Thanks to Toomas, Bronkoo, Keith, Marcel, and Bill for all the suggestions to get this pool rescued - I had to use all of the mentioned options !

Especially the ddrescue disk clone tip from Keith was worth a ton of gold, since that saved me in the very last moment from loosing the whole pool.
Cloned, checked the label directly before exchange for matching TXGs again, and the exchange went smoothly, the label got updated correctly.

Indeed, after that I lost another 2nd disk in a vdev, and this time that gave me 35k errors (interestingly, the pool didn't block), but all except one single file was recoverable ! All in all 4 disks died in that process, and 4 additional disks are considerably broken, but luckily all spreaded across the vdevs, so no immediate problem if they fail now.

I started backup copy operations immediately, (despite the resilvering pool) which are still ongoing, as there are 200 TB to save to a space I had to find first, since we have no backup facility of that size affordable (the data was ment to be in a temporary state that would be transformed and transferred to an archive later, but it lasted a bit too long on that pool), so a bit of begging and convincing central operations staff was necessary ...

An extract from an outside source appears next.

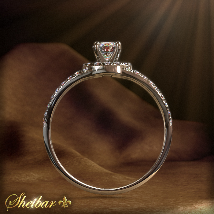 Engagement ring, "Persian" model, a delicate ring. In this special design of the ring you can first see that the base of the ring starts from one hoop, and then on each side of the ring splits into two delicate and beautiful gold pillars, with small white diamonds on their backs. After this split, these two gold bars reach the point where they touch the golden circle in the center of the ring. On top of this special gold circle, there are also small and beautiful diamonds that are reminiscent of a crown full of diamonds. The highlight is when you can see from the center of the hoop emerge 4 smooth and delicate gold pillars that are used to hold the center diamond of the ring. A delicate ring that combines richness and high prestige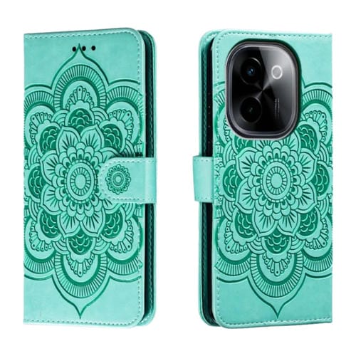 Para Vivo Y200 5G Sun Mandala Funda de Cuero para Teléfono con Patrón En Relieve (Verde)

As I can't 'zpool replace' the rest of the broken disks since the broken expander chip causes all other disks to spit errors as hell, I would go down the ddrescue path again to clone and directly replace those disks, that seems to be a recommendable practice in such cases, as the rest of the vdev disks are not accessed, but pool writes should be strictly supressed during such an operation to have consistent TXGs.

I also found that when a disk replacement goes wild very early, its the best thing to immediately pull the replacement and put back in the disk to be replaced. That saved me from loosing all, in another event.

Since the machine (an 8 year old DataOn CIB-9470V2 dual node storage server) now also has failing 12V/5V power rails, that one has to go now. Trying to get an all-flash dual node one, the NVME ones are now in a reachable-for-us price region, and would be MUCH faster.

So these are the essential lessons learned from this experience:

1.-10. BACKUP, if you can ...

11. Nothing is as permanent as temporary data ...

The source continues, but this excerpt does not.